I have done a bit of research and I cant figure out how to pull down
only certain subdirectories/repo parts. I think it might be possible
to do it below the git api layer, that is but implementing parts of
git or using library to interact directly with the server, I could be
very wrong there though. Going down into the deeps might be acceptable
but it makes me nervous.

On metadata in a single file.

The only negative that I can bring on this is that you loose the
ability to introspect whats in the library trivially with ls or tree.
That is in the multiple file version I can ls the organizations
directory and see all the orgs in the repo. In the single file model
we need to implement introspection in the tool. I am not at all sure
this is a benefit and so something to worry about.

Eric

Tim Watson

unread,
Mar 16, 2012, 8:11:35 AM3/16/12
to Eric Merritt, erlware-...@googlegroups.com
On 15 Mar 2012, at 16:47, Eric Merritt wrote:

Tim,

I think the final two bits we need to work out here are blob storage
and making sure we dont have to pull down all the binaries when we do
a pull. The other is the metadata in one file.

On blobs,

I have done a bit of research and I cant figure out how to pull down
only certain subdirectories/repo parts. I think it might be possible
to do it below the git api layer, that is but implementing parts of
git or using library to interact directly with the server, I could be
very wrong there though. Going down into the deeps might be acceptable
but it makes me nervous.


I don't actually know why we have to make this 'pure git only' for a first release, as I thought we were going to suck up being tied to github initially. In the 'tied to github' case, you can find and download individual blobs easily using the github REST api.

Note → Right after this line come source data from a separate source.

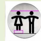
Comitato Pari Opportunità Ordine Avvocati Marsala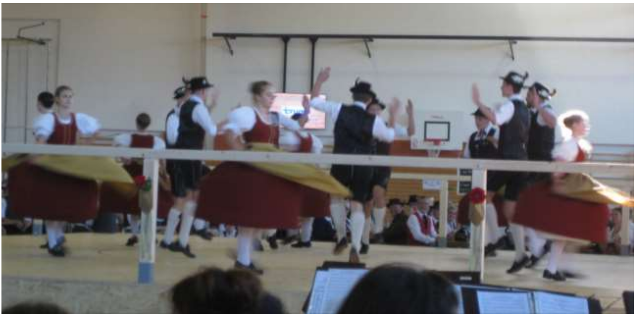
Die Jugendgruppe des Salzweger-Trachtenvereins bei ihrer Darbietung.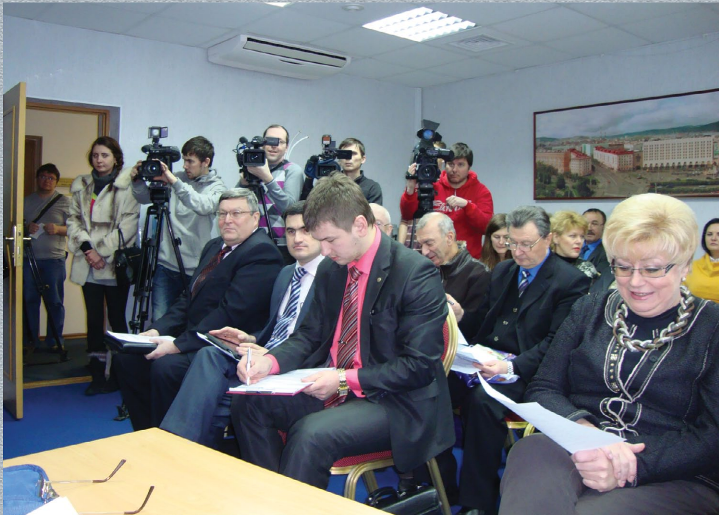
Межкомиссионное заседание 31 января 2012 г.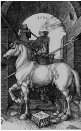
fig.12 デューラー《小さな馬》、1505年、銅版画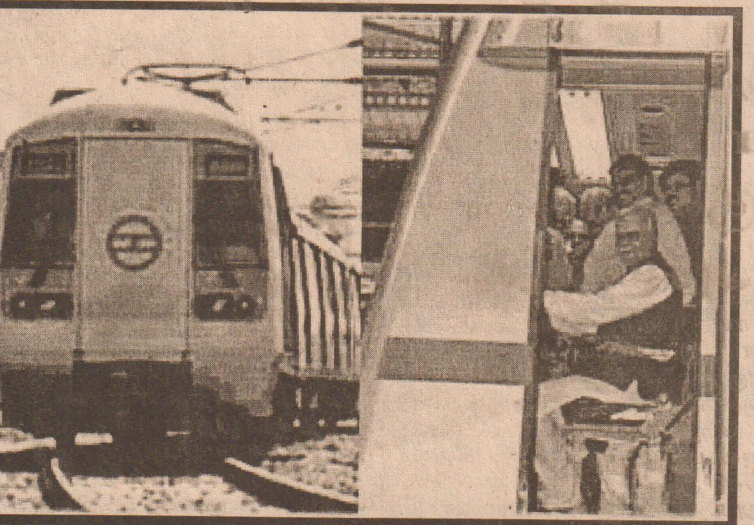
டெல்லியில் மெட்ரோ ரயிலை சோதனை ஓட்டமாக துவக்க வைத்தார் குணைப் பிரதமர் எல்.கே.அத்வானி.

குறித்துத் திட்டம் எதுவும் இதுவரை எடுக்கப்படவில்லை. இதேவேளை, பிரிட்டிஷ் வெளியுறவுச்செயலர் ஈராக்மீது தாக்குதல் நடத்தப்பட வேண்டுமென ஐக்கிய நாடுகள் சபையில் பேசியதை பிரிட்டிஷ் பாராளுமன்ற உறுப்பினரான எலைஸ் மாஹென் எதிர்த்துள்ளார். ஈராக் தாக்கப்படுவதை எதிர்த்து வாக்களிக்க தொழிற்கட்சி உறுப்பினர்கள் சுமார் 100பேர் தயாராக இருப்பதாகவும் அவர் தெரிவித்துள்ளார். (உ - 3)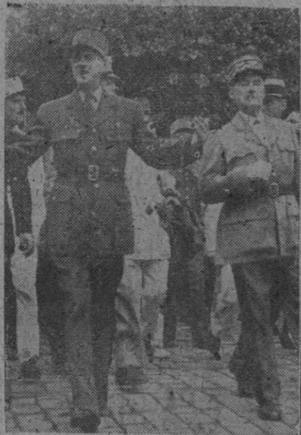
El general De Gaulle (a la izquierda), acompañado del también general Deschamps, fotografiado en una calle de Argel en actitud de corresponder a las demostraciones de simpatía de que es objeto por parte del público.

Se añade en los círculos políticos que De Gaulle tendrá aproximadamente el 33 por 100 del total de escaños de la Alta Cámara o Consejo de la República, y que con las fuerzas que obtenga de los otros partidos derechistas, De Gaulle ejercerá el control sobre la Asamblea Nacional.—Efe.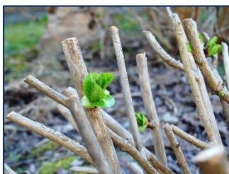
紫陽花の鮮やかな緑

そんな1年生の姿に感動しながらランチルームを後にして 1年生:職業調べ発表会 渡り廊下を歩いていると、ふとあの植え込みの紫陽花に目が留まりました。なんと、新芽というか若葉が出ているではありませんか！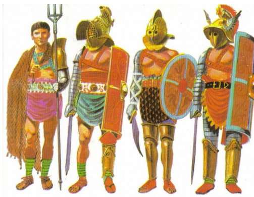
Vrste gladiatorjev: Retiarius, Murmillo, Secutor in Hoplomachus

V arenah so se odvijale bitke med gladiatorji, živalmi in gladiatorji in živalmi in ljudmi ki se niso mogli braniti. Največkrat so to bili Kristijani, sužnji in zaporniki. V areni je bilo prostora za 50,000 gledalcev.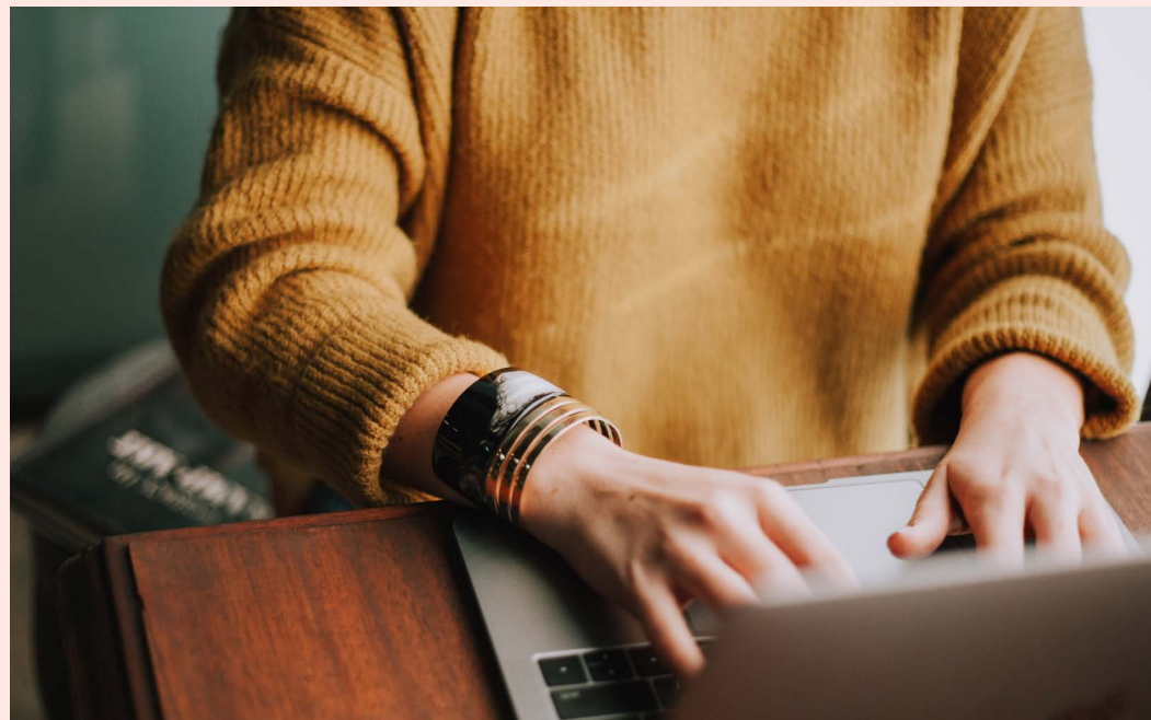
Kvinna sitter vid dator.

Diskrimineringsombudsmannen (DO) stämde Försäkringskassan med motiveringen att Försäkringskassan utsatt kvinnan för diskriminering i form

This is possible using pure git anyway, I think. Looking at http://progit.org/book/ch9-6.html I can see that there are ways to introspect the commit history against branches and tags and to download specific bundles of data. If we keep the index in the master branch, then I think we can do something like the following when a new artefact+version is added:

- add the organisation/artefact/version data to the index in branch 'master' and commit
- create and checkout a branch for the organisation/artefact/version that is being published: 'git co -b os_env-0.0.1' 
- delete the index from this branch
- add the physical folder structure and zip/tar/ez data for the artefact to the file system (within the branch), add to git and commit: `mkir nebularis/os_env/0.0.1 && git add <folder> && git ci -m "publish <details"'
- create an annotated tag named for the artefact+version: 'git tag -a pub-os_env-0.0.1 -m "Publish os_env-0.0.1"
- push the changes to the remote repository: 'git push origin os_env-0.0.1 --tags'
- go back and checkout the master branch and push the updated index: 'git co master && git push origin' 

Now when a client wants the index or a specific release of something, they can either use HTTP and download from github using the API *or* if we want to be pure git, then we should be able to do this by finding either the SHA for the current HEAD on master branch (which contains the index) or looking for a specific tag:

t4@malachi:tmp $ ssh -x g...@github.com "git-receive-pack 'hyperthunk/gitfoo.git'"
00725fcf7c6e0e54324bb7d9564d9998a5937640cde9 refs/heads/master report-status delete-refs side-band-64k ofs-delta
00455fd50ae1a78496cc2159c51a94302697da07d760 refs/heads/os_env-0.0.1
00485fd50ae1a78496cc2159c51a94302697da07d760 refs/tags/lib-os_env-0.0.1
0000

I haven't finished figuring out how the rest of this interaction goes, but based on that chapter of the pro-git book and poking around in the man pages for 5 mins, I get the impression that with a combination of this and the fetch-pack/git-upload-pack commands, it should be possible to obtain the index and pack file (containing the data) for just one SHA - 00485fd50ae1a78496cc2159c51a94302697da07d760 clearly contains *only* the pack data for the tag, and the tag was built from a branch where we

* deleted the index
* added the specific artefact/version __only__

So the pack file should contain *only* the data we want for os_env-0.0.1 and nothing else. Managing this on the client shouldn't be terrible, as there is an ssh capability in OTP - although I suspect we may fall fowl of deliberate github API limitations if we're not careful. Also the publication (locally into your own organisation repo) shouldn't be too difficult, as it's just a matter of branching, tagging and a bit of file system manipulation, plus a 'git push' when you're ready to make the changes public.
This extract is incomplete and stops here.